All this reflects the continuing piecemeal way that devolution has taken root in a system of government that still insists the UK parliament’s decisions are sovereign. From the 1990s on, UK governments have tended to turn to devolved solutions only at times of crisis in the non-English nations. One result is that some in Westminster and Whitehall still see devolution as something that happens somewhere else.

Those instincts were given full rein under the anglocentric prime ministerships of Boris Johnson and Liz Truss. Both leaders had a tin ear for and a visceral dislike of devolution. Johnson called devolution a disaster, and tried to subvert it in his UK internal market act. Neither he nor Truss ever respected the devolution settlement or consulted the devolved governments on anything important, as Covid would exemplify. The hostility was roundly reciprocated.

The council’s first meeting came at a propitious moment for Starmer. He was not seen as hostile to devolution, as the defeated Tories had been, while Labour’s UK general election success had made Scotland’s Scottish National party government less openly combative. With the English mayors attending, it was an overwhelmingly Labour gathering, happy to embrace the new UK prime minister and the new era he promised.
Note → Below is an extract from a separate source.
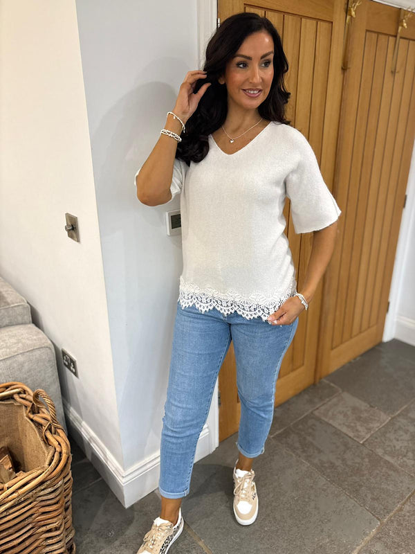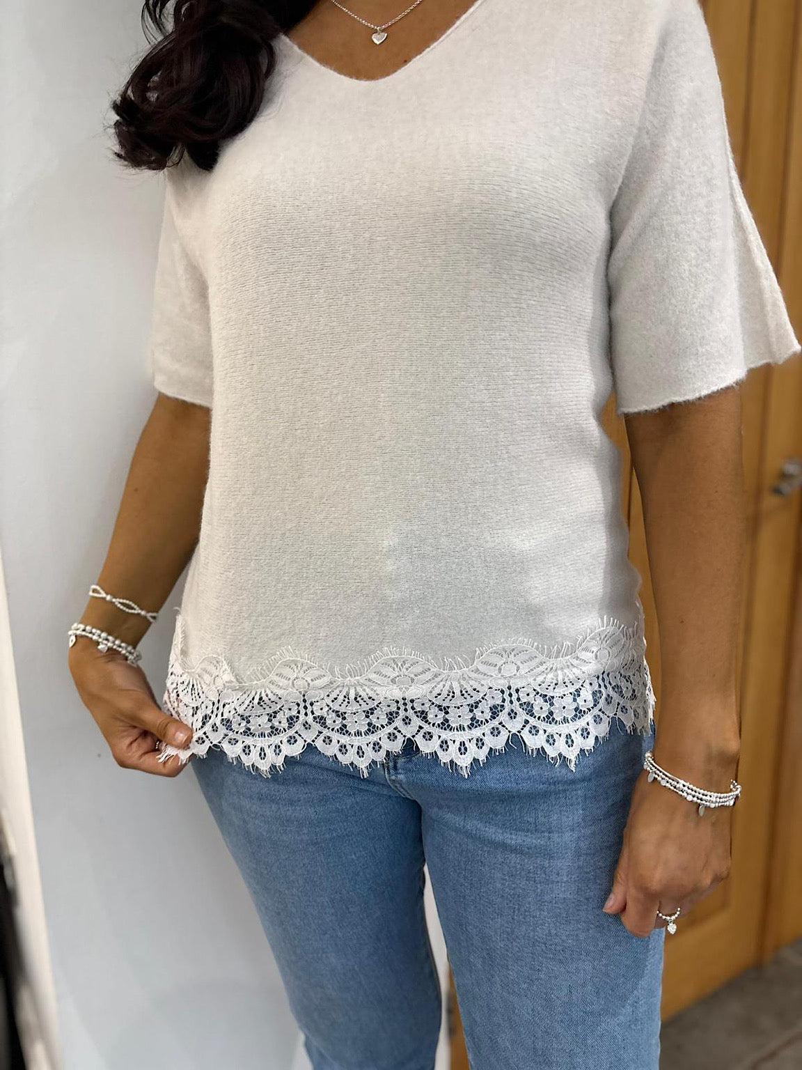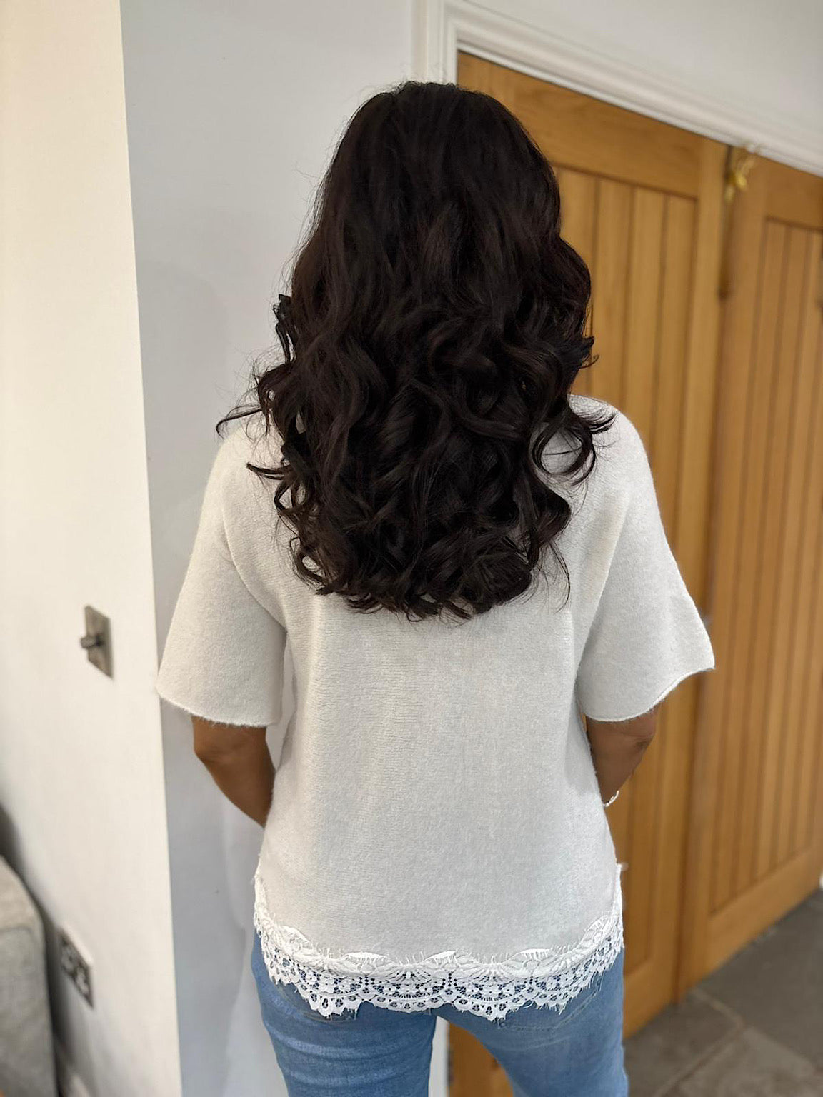Wrap yourself in comfort with the Lace Hem Soft Knit Lara. This cosy V-neck design features delicate lace trim at the hem, adding a touch of elegance to everyday wear. Crafted from soft knit fabric, it's the perfect layering piece for staying warm whilst looking effortlessly put-together. Whether you're relaxing at home or stepping out, this versatile knit offers the comfort and style you deserve.

That seems like another country now. In Scotland, John Swinney’s SNP has its confidence back, and is positioned to beat Labour in next year’s Holyrood election. In England, Reform UK has captured coveted mayoralties in Hull and East Yorkshire, and in Greater Lincolnshire. Reform UK has its eyes on more mayoralties in 2026, as well as on winning the Welsh Senedd and on becoming at least the second party at Holyrood. The upshot is a much more challenging political environment for Starmer, making attempts at “partnership working” more problematic. At the same time, it also puts pressure on Reform UK’s mayors. Do they engage? Or grandstand? Or even turn up?

Yet none of these new tensions weakens the case for collaboration between governments and with mayors. “The key question is: what is the council for?” Prof Michael Kenny argued this week. Last week, Kenny and colleagues from Cambridge University’s Bennett Institute published a report broadly supporting the thinking behind the council, but lamenting its repeated lack of clarity. “It’s not a decision-making body, but it ought to be more clearly structured,” Kenny told me.

Another crucial issue, according to Glasgow University’s Prof Nicola McEwen, is that attenders have such different powers. In Scotland, Wales and Northern Ireland there is clear legislative devolution. Almost nothing of that sort exists in England, where there is no national parliament and mayoral powers are strictly limited from the centre. The danger is that the council becomes all talk and no action. “There are risks in stretching the concept of devolution to include both the intergovernmental relationship with the nations and the functional relationship with the mayors,” McEwen warns.

This may all seem somewhat academic, but don’t be deceived. This stuff really matters. Without collaboration between the different parts of the UK’s increasingly devolved system of governance, no government – whether at the UK, the devolved national, or the English regional – is going to achieve its priorities. If Starmer wants his growth agenda or the reset with Europe to work, he needs the give and take that cooperation with the devolved bodies can give. Likewise, if Swinney’s SNP wants to deliver on things such as the abolition of child poverty, it cannot do it without the UK’s help.

The collaborative political impulse is not widespread among Westminster parties. Luckily for Starmer, his Paisley-born colleague Pat McFadden, the cabinet minister responsible for making the council work, definitely gets the realities. It may not suit the tribalists in UK politics to admit it, but collaborative government is the way Britain has to be governed now. This week’s council may seem a sideshow to some. Yet it could hold the key to whether public confidence in politics begins to grow again.